CREATE SOURCE PosSource USING FileReader ( wildcard: 'PosDataPreview.csv', directory: 'Samples/PosApp/appData', positionByEOF:false ) PARSE USING DSVParser ( header:Yes, trimquote:false ) OUTPUT TO PosSource_Stream; CREATE CQ PosSource_Stream_CQ INSERT INTO PosSource_TransformedStream SELECT TO_STRING(data[1]) AS MerchantId, TO_DATE(data[4]) AS DateTime, TO_DOUBLE(data[7]) AS AuthAmount, TO_STRING(data[9]) AS Zip FROM PosSource_Stream; CREATE TARGET SnowflakeDemo USING SnowflakeWriter ( ConnectionURL: '<JDBC connection string', username: 'striim', password: '********', Tables: 'MYDB.MYSCHEMA.POSDATA', appendOnly: true ) INPUT FROM PosSource_TransformedStream;
The above example shows how to use SnowflakeWriter with an input of a user-defined type. For examples of applications where the input is the output of a CDC reader, DatabaseReader, or IncrementalBatchReader, see Replicating Oracle data to Snowflake.
The following is an example of the properties required to test the Snowpipe Streaming API:
CREATE TARGET SnowflakeDemo USING SnowflakeWriter ( ConnectionURL: '<JDBC connection string', username: 'striim', password: '********', Tables: 'MYDB.MYSCHEMA.POSDATA', appendOnly: true, streamingUpload:'true', userRole: 'ACCOUNTADMIN', privateKey: '*****' ) INPUT FROM PosSource_TransformedStream;
Snowflake Writer data type support and correspondence
See also Data type support & mapping for schema conversion & evolution.

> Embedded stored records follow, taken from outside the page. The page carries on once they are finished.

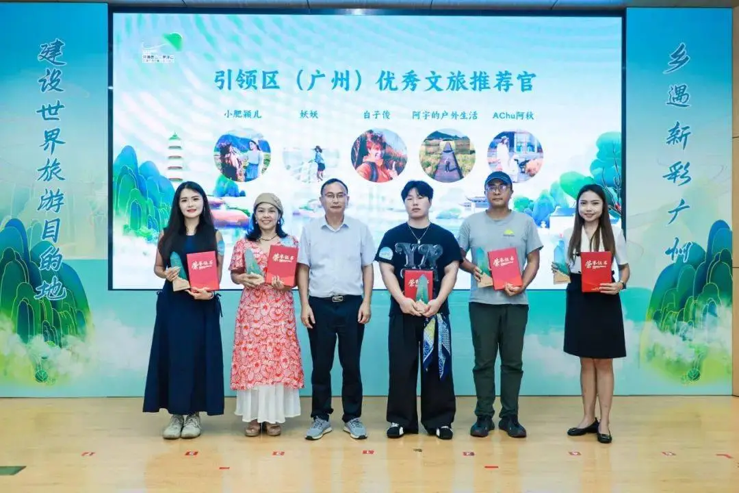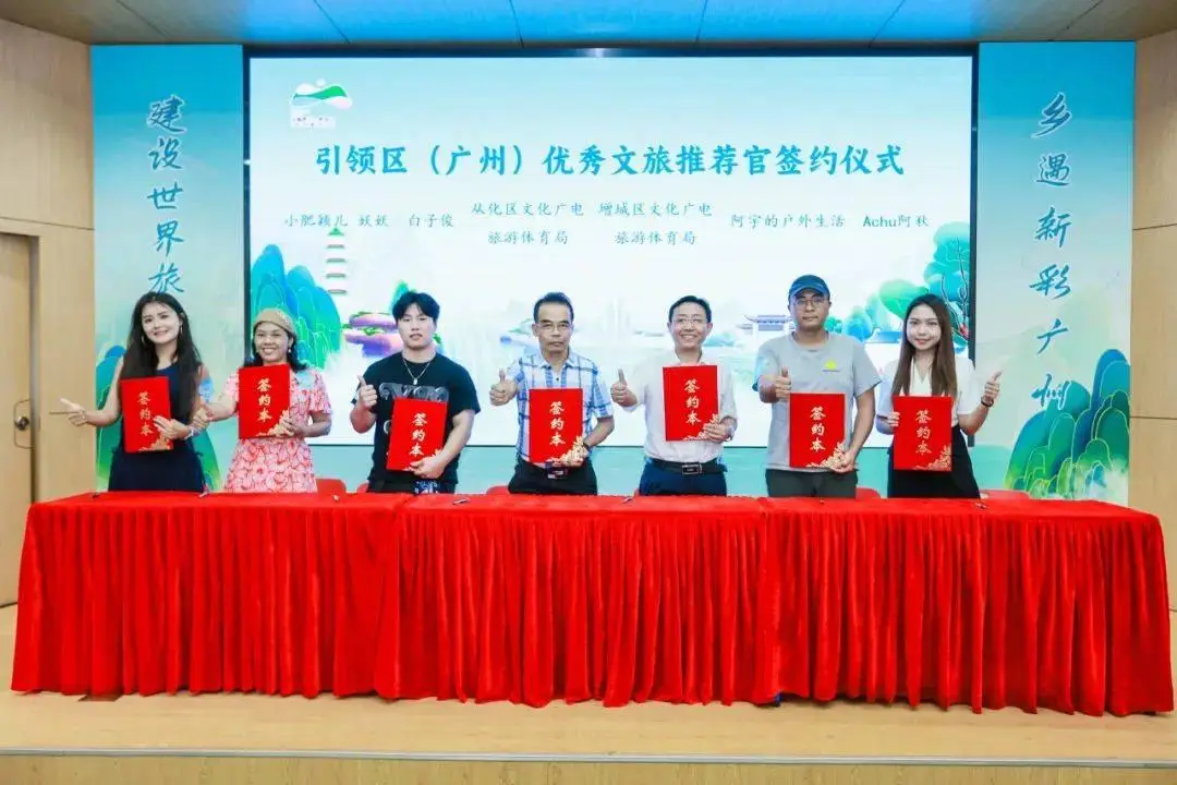 在活动现场,抖音上拥有百万粉丝的旅游博主“陈老师的vlog”以及其他10位文旅推荐官一同亮相,他们荣获了广州地区旅游景区协会颁发的“环南昆山—罗浮山县镇村高质量发展引领区(广州)优秀文旅推荐官”荣誉证书。随后,他们与从化区文化广电旅游体育局、增城区文化广电旅游体育局达成了合作意向,并签署了相关协议,旨在共同利用新媒体平台,对引领区的文旅资源进行深度推广和引领。他们将成为讲述广州故事、传递引领区声音的关键新生力量,并会不断通过创作来展现这片土地的生态之秀、文化之韵和发展的强劲势头。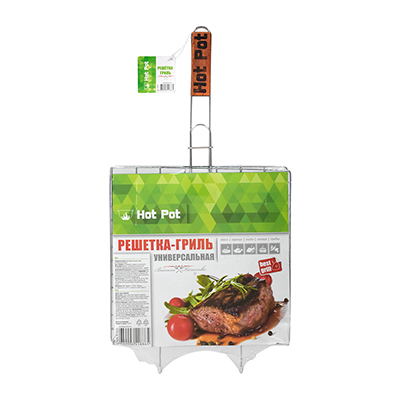 Размер: 50(+4) х 28 х 28 см Жарочная поверхность 28*28*1,4 см С помощью решёток для барбекю HotPot, изготовленных из высококачественной стали, Вы сможете приготовить различные блюда на мангале или на костре. Вы найдёте решётки для любых целей: для приготовления мяса, рыбы, морепродуктов, птицы или овощей. Приготовление еды с использованием решеток HotPot станет для Вас приятным удовольствием. Хромированное покрытие сделает процедуру чистки легкой и быстрой.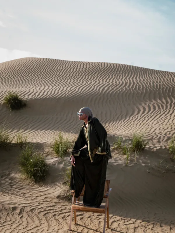 • Coupe : haut légèrement évasé avec pantalon large et entrejambe descendue.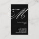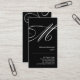 The letter "M" rendered in an ornate script bleeds off this black business card making a stylish, versatile look for a hairdresser, image consultant, life coach, or stylist among many others. Don't like the black background? Choose the "Customise It" button option and change the background colour as desired. Available in alternate monograms.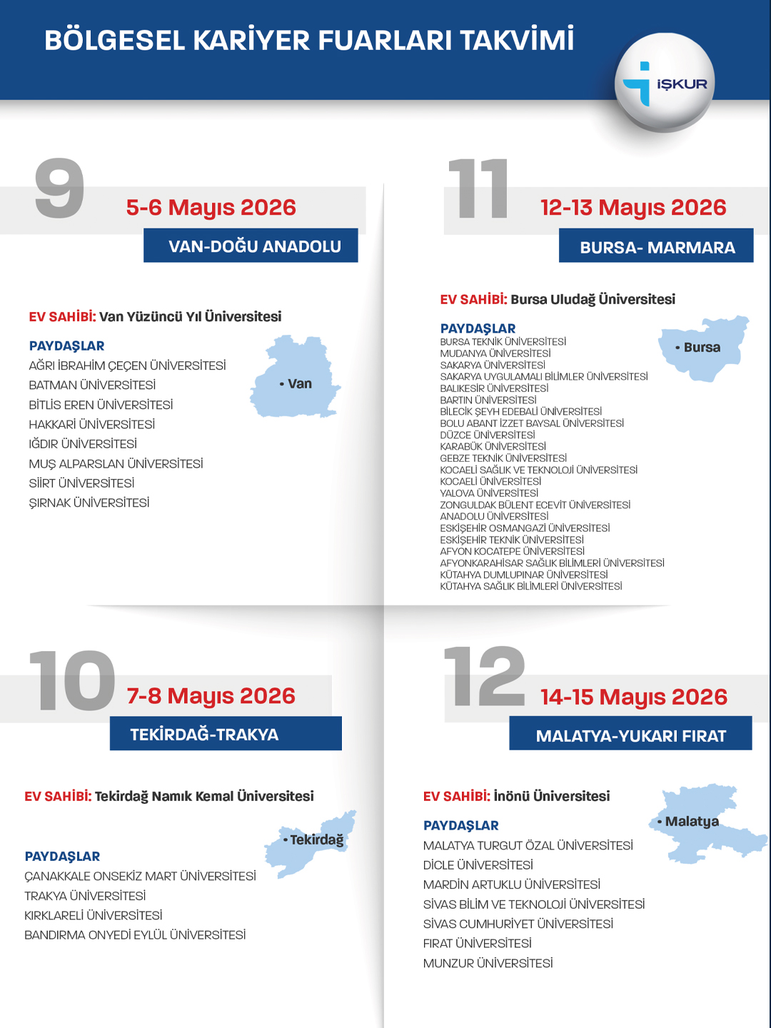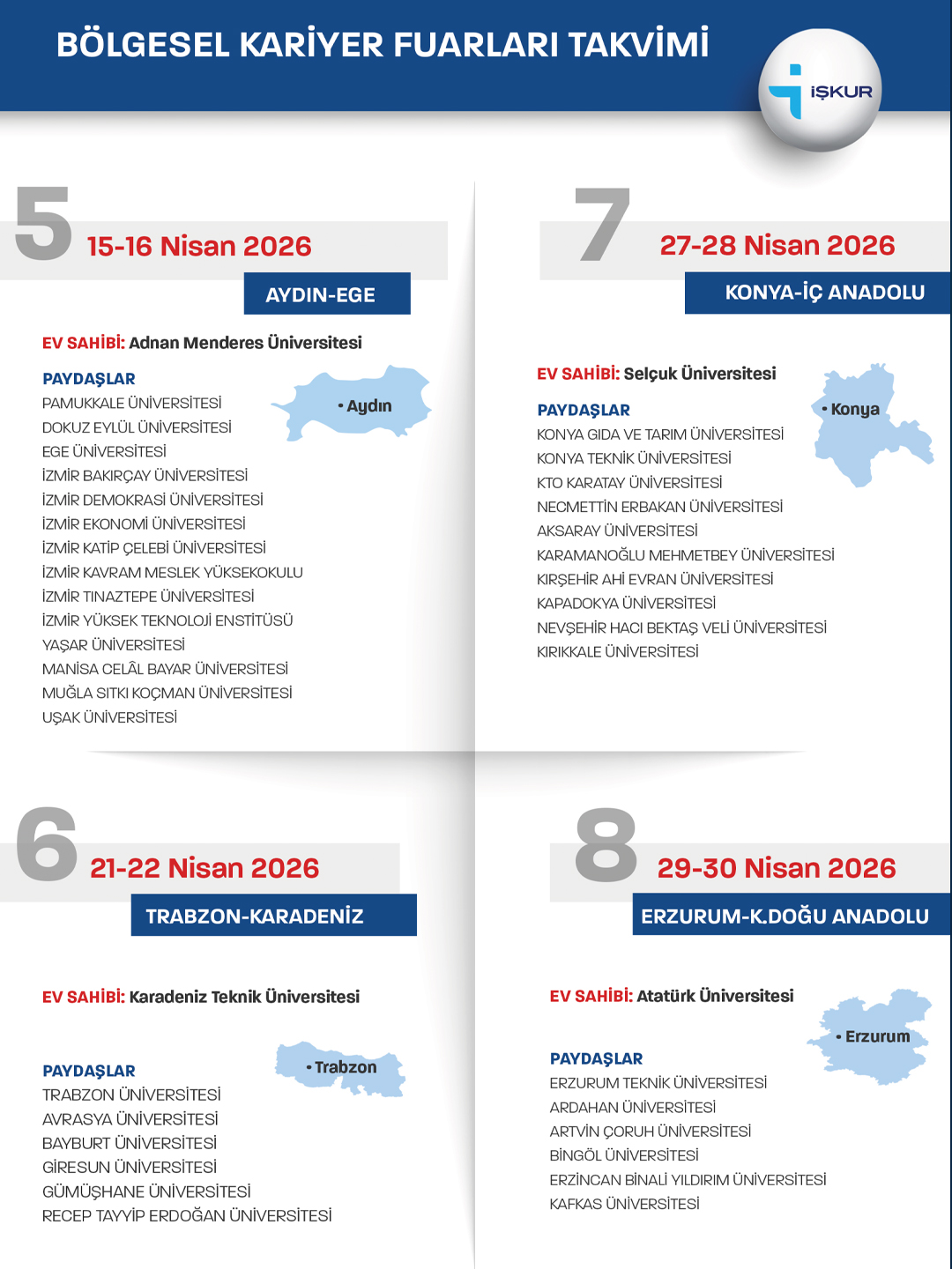 Bu kapsamda, 2026 yılı Bölgesel Kariyer Fuarları; Çalışma ve Sosyal Güvenlik Bakanlığı Türkiye İş Kurumu Genel Müdürlüğü koordinasyonunda, ekte yer alan fuar takvimi doğrultusunda üniversitelerin ev sahipliğinde gerçekleştirilecektir.
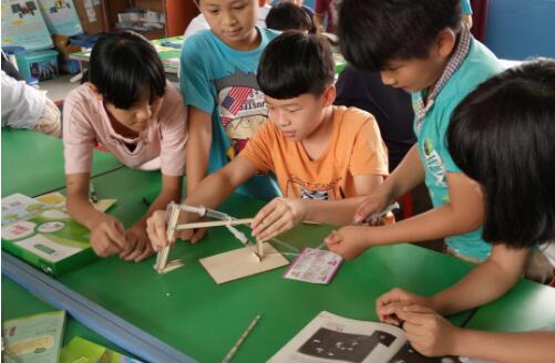 据了解,2017年青少年科学调查体验活动是由中国科协、教育部、发展改革委、中央文明办、共青团中央主办,中国科协青少年科技中心承办单位。活动中,举办方配发活动指导手册、活动指南和活动资源包给学校。科技辅导老师把学生分成不同的小组,开展“我爱绿色生活”主题资源包拓展实践活动。在老师的指导下,学生使用资源包中的木棍、纸板、盐水、电池等生活中常见的简易材料,共同完成了“风力发电”、“盐水小车”、“废纸制作3D眼镜”、“污水净化装置”等17个生动有趣的科学实验。在动手操作中,让学生了解电磁、风能、太阳能相互转化的基本原理,掌握了污水分层净化和制作吸尘器的简易方法,体会了节能环保、绿色生活的重要意义。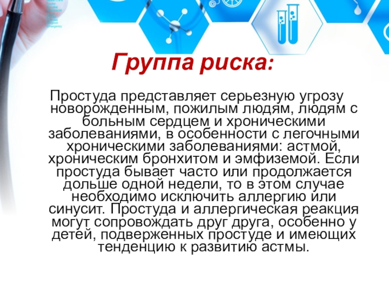 сердцем и хроническими заболеваниями, в особенности с легочными хроническими заболеваниями: астмой, хроническим бронхитом и эмфиземой. Если простуда бывает часто или продолжается дольше одной недели, то в этом случае необходимо исключить аллергию или синусит. Простуда и аллергическая реакция могут сопровождать друг друга, особенно у детей, подверженных простуде и имеющих тенденцию к развитию астмы.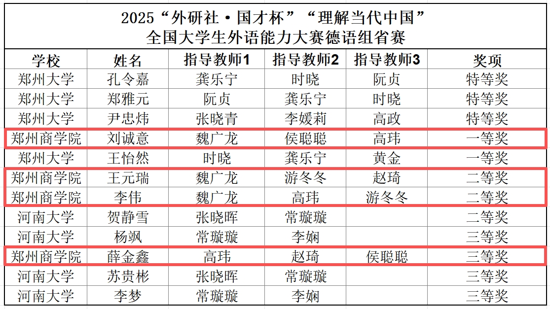 此次获奖是我院德语专业持续深化教学改革、注重实践能力培养的又一成果。德语专业师生将以此为契机,继续深耕德语语言学习,提升跨文化传播能力,以赛促学、以学促行,为用多语种讲好中国故事、传播郑商声音贡献更多力量。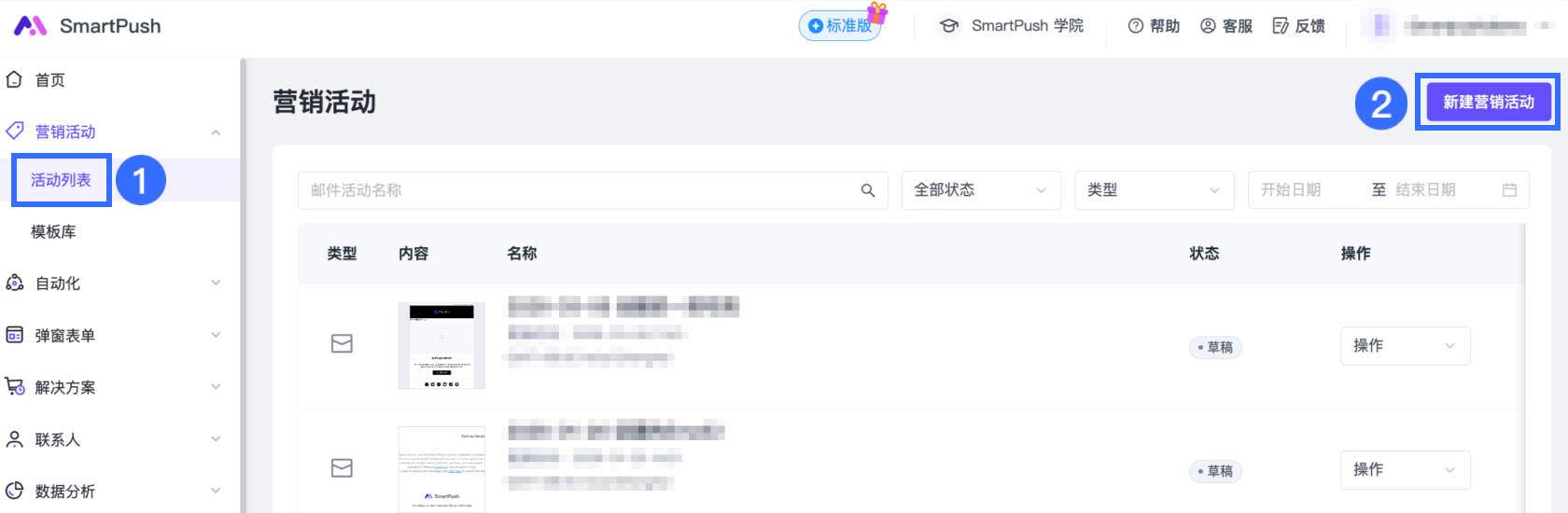 - 在 SmartPush 后台,前往 营销活动 > 活动列表。

TQL type | Snowflake type |
---|---|
Boolean | BOOLEAN |
Byte, Integer, Long, Short | BIGINT, DOUBLE, FLOAT, INT, NUMBER, SMALLINT |
DateTime | DATE, DATETIME, TIMESTAMP_L, TIMESTAMP_NTZ, TIMESTAMP_TZ |
Double, Float | DOUBLE, FLOAT |
String | CHAR, VARCHAR |
When the input of a Snowflake Writer target is the output of an Oracle source (DatabaseReader, Incremental Batch Reader, or Oracle Reader):
Oracle type | Snowflake type |
---|---|
BINARY | BINARY |
BINARY_DOUBLE | FLOAT |
BINARY_FLOAT | FLOAT |
BLOB | BINARY |
CHAR | CHAR |
CLOB | VARCHAR |
DATE | DATE |
FLOAT | FLOAT |
INTEGER | NUMBER |
INTERVAL DAY TO SECOND | VARCHAR |
INTERVAL YEAR TO MONTH | VARCHAR |
LONG | not supported |
LONG RAW | not supported |
NCHAR | CHAR |
NCLOB | VARCHAR |
NUMBER | NUMBER |
NUMBER(<precision>,<scale>) | NUMBER((<precision>,<scale>) |
NVARCHAR2 | VARCHAR |
RAW | BINARY |
TIMESTAMP | TIMESTAMP_NTZ |
TIMESTAMP WITH LOCAL TIMEZONE | TIMESTAMP_LTZ |
TIMESTAMP WITH TIMEZONE | TIMESTAMP_TZ |
VARCHAR2 | VARCHAR |
XMLTYPE | VARCHARD |
See Oracle Reader and OJet WAEvent fields for additional information including limitations for some types.